Nel XX secolo, in un’assolata provincia italiana, una branca di artisti dava vita ad una delle esperienze artistiche più interessanti della penisola. Nella città di Livorno il Novecento vide un inspiegabile proliferare di personalità artistiche di grande livello, sbalorditivo se si pensa alla dimensione della città e alla sua certo non antica tradizione artistica.

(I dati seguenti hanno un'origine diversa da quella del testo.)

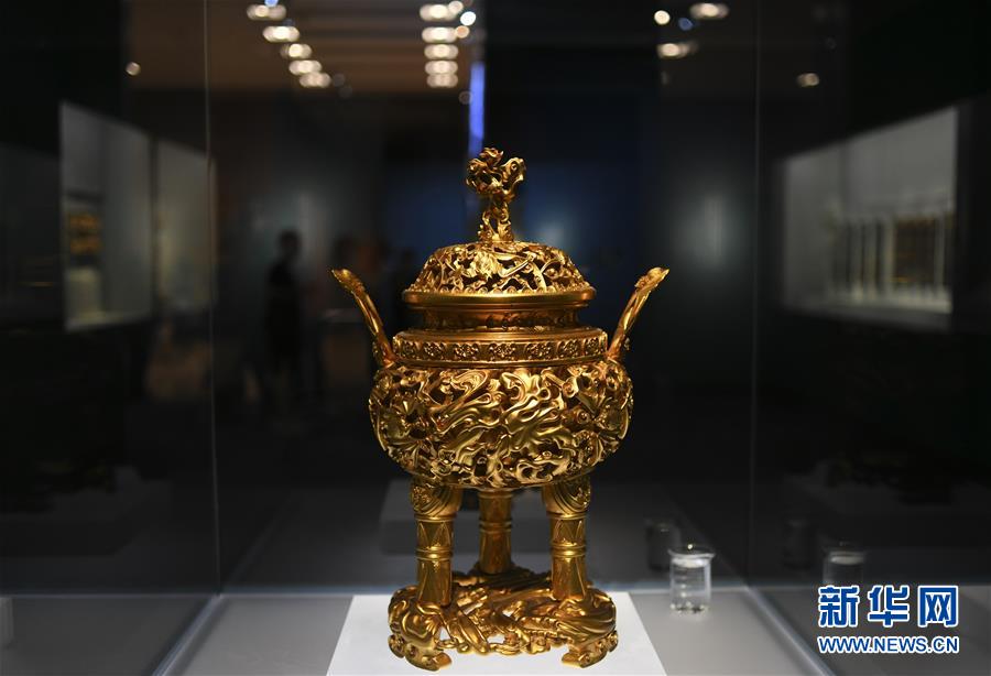 这是8月30日在北京中国国家博物馆的“格物匠心——福建传统工艺展”上拍摄的金雕刻百蝠脱胎漆鼎炉。当日,“格物匠心——福建传统工艺展”在北京中国国家博物馆开幕。展览分为“艺韵百态”“工致精巧”“千文万华”“石以名志”“东方神韵”五个单元,系统呈现出不同时期不同门类的工艺美术作品200余件(套),展示了福建传统工艺所承载的文化底蕴与丰富内涵。新华社记者 金良快 摄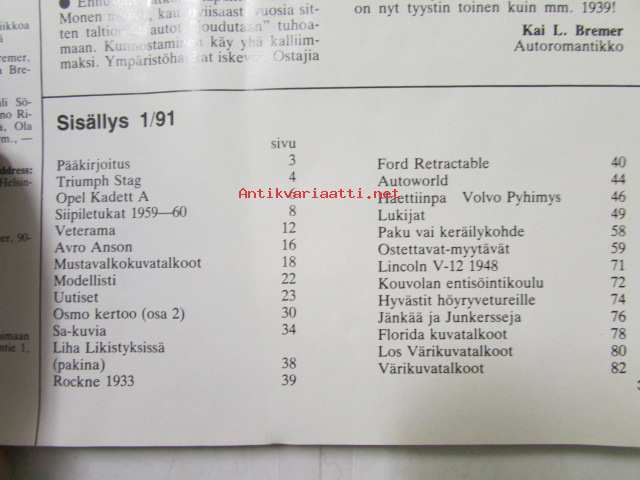Mobilisti 1991 nr 1 -Lehti vanhojen autojen harrastajille, sisällysluettelo löytyy kuvista.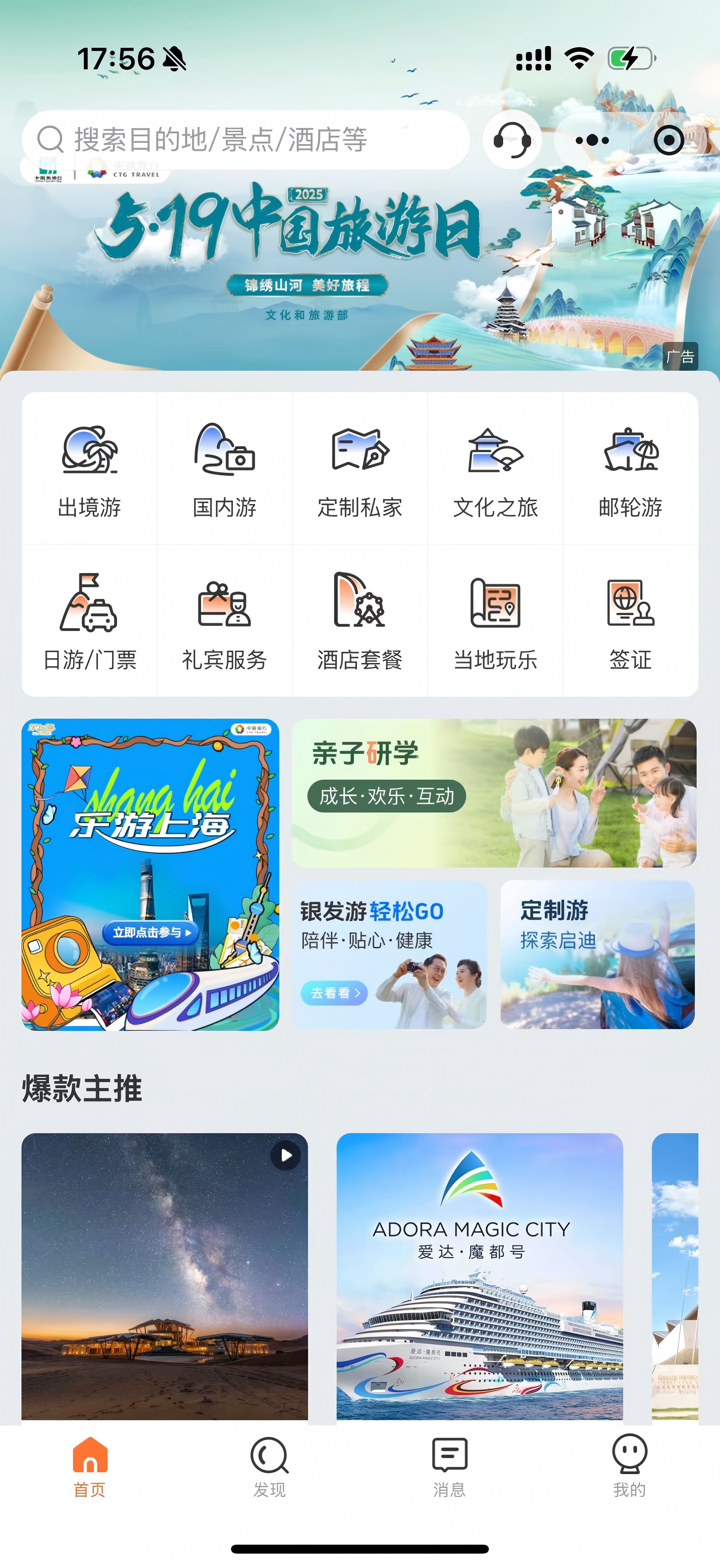 “中旅旅行”線上銷售平臺包括PC網(www.ourtour.com)、App和小程序,提供國內及出境跟團游、自由行、定制游、郵輪、機票、酒店、簽證等旅游產品一站式服務?!爸新寐眯小睂⒅新?、國旅、港中旅三大品牌的優(yōu)質旅游資源進行整合,進行統(tǒng)一的展現(xiàn)和銷售;整合集團內維景酒店、星旅郵輪、景區(qū)、旅游金融等優(yōu)質資源,升級具有核心競爭力的自有產品體系,滿足消費者的美好出行需求。

“I livornesi sono individui fuori dal gruppo anche quando costituiscono un gruppo”, afferma Vittorio Sgarbi: “diversi, solitari, irriducibili”, insomma “anarchici”. Tanti i nomi importanti che formano questa compagine, di cui sicuramente il più celebre è Amedeo Modigliani, mentre rimane abbastanza sconosciuto al grande pubblico Mario Puccini (Livorno, 1869 – Firenze, 1920), che invece fu molto apprezzato in vita. Se Livorno fu ingrata con Modigliani, tanto da dare la notizia della sua morte solo attraverso un striminzito trafiletto di giornale in quanto fratello dell’onorevole Giuseppe Emanuele Modigliani, alla morte di Mario Puccini molti artisti e intellettuali si strinsero intorno a questa figura, già guardata in vita con molto rispetto, e vissuto come il vero erede del grande maestro Giovanni Fattori. Puccini era accostato al maestro macchiaiolo non solo perché si era lungo abbeverato alla sua lezione, ma anche per quel suo carattere isolato, schivo, lontano dalle mondanità e dagli intellettualismi, spesso mascherato dietro una maschera di pittore incolto, che entrambi gli artisti coltivavano.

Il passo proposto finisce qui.